In this analysis, movement development, effectiveness, and impact are seen as largely dependent on external factors such as political environment and available resources. Among the environmental variables that appear to be particularly significant are the current political complexion of government, the structure of the central administrative process, and the state of the economy (Whitely and Winyard 1983:10-11). Examination of the structure of British politics, economics, and social life suggests a society highly traditional in its structure and values, a stagnant economy, and a centralized, secretive, and bureaucratically dominated system. These factors contribute to a political setting in which feminists tend to be isolated from the formal political system, from feminists with different perspectives and women in general, and from potential allies. Ideological divisions, rooted in class and other conflicts, inhibit the formation of coalitions dedicated to resolving women's political and economic needs.
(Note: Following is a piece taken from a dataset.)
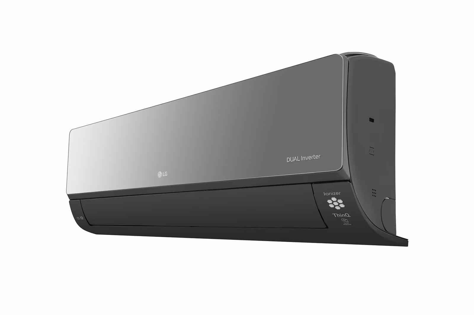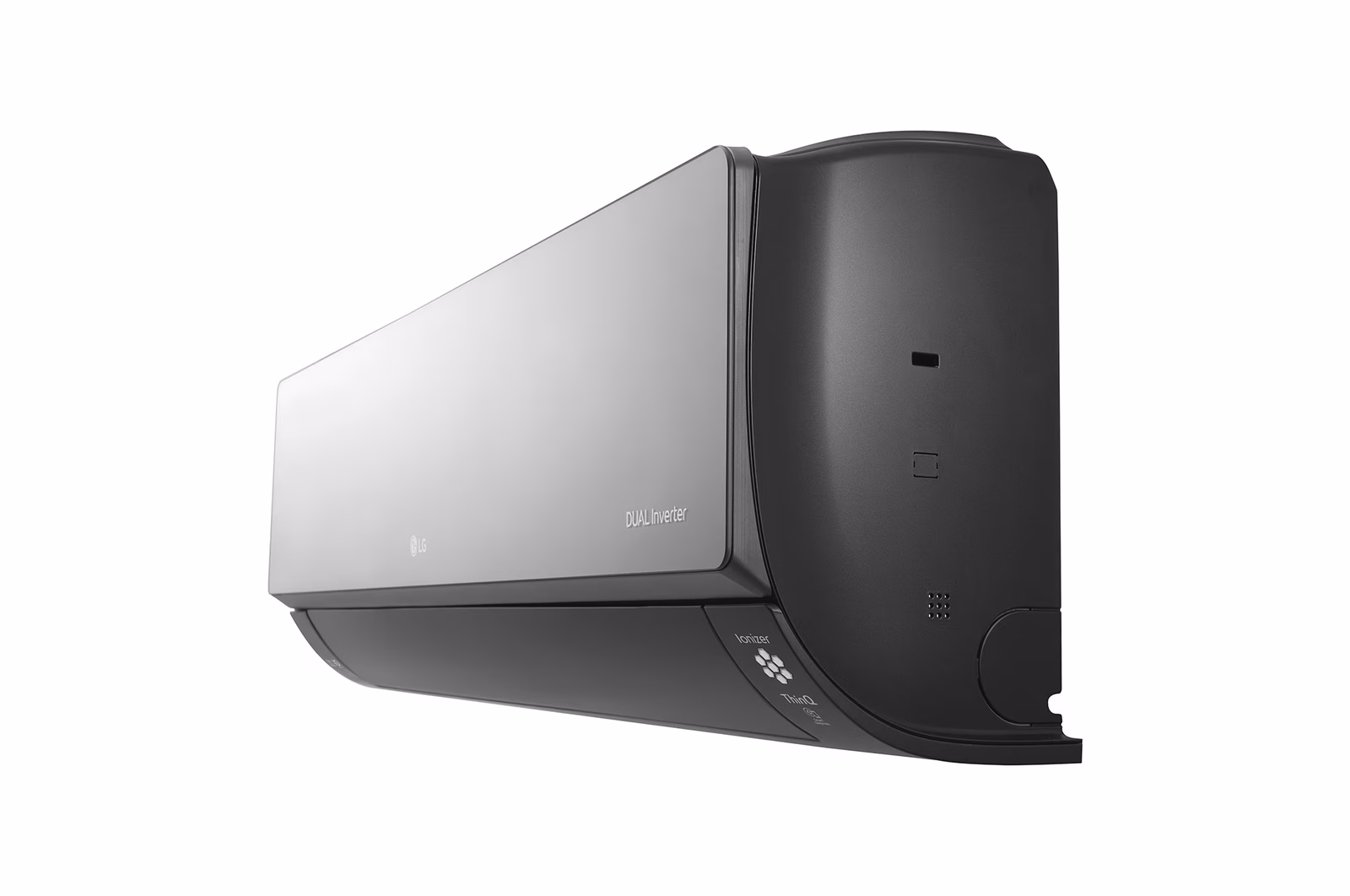 The 1.5HP LG ARTCOOL pairs a striking mirrored-glass front panel with the DUAL Inverter Compressor. It cools quickly, runs quietly and adds Plasmaster ionisation plus LG ThinQ smart control — designed to blend into your room rather than dominate it.LG ARTCOOL 1.5HP memadankan panel hadapan kaca cermin yang menarik dengan DUAL Inverter Compressor. Ia menyejuk dengan pantas, beroperasi secara senyap dan dilengkapi pengionan Plasmaster serta kawalan pintar LG ThinQ — direka untuk menyatu dengan bilik anda dan bukannya mendominasinya.

We focus on the role and structure of feminism in the nations studied by examining two wings of feminism. The first is the women's liberation movement, often characterized as the more radical, or "younger," branch of the movement. Such groups in both the United States and Britain are distinguished by their emphasis on lifestyle change, provision of alternative services, and decentralization and anti-elitist values (Stacey and Price 1980:180). The second wing of feminism is that segment of the movement operating within the traditional policymaking structure. In the case of Britain, this segment participates in parties and unions that play a dominant role in the political system. In the United States, women tend to be effective primarily as interest group activists, given the primacy of pressure groups in the American political arena (although we will examine the role of women in parties and unions for comparative purposes). These two sets of feminist activists are roughly analogous to "militant" and "reformist" branches of contemporary feminism, although many British feminists would decline the honor of inclusion in the reformist camp. In Sweden, there is only one manifest face of feminism: that represented by women in parties and unions; the minute feminist movement is almost subterranean in character and visibility.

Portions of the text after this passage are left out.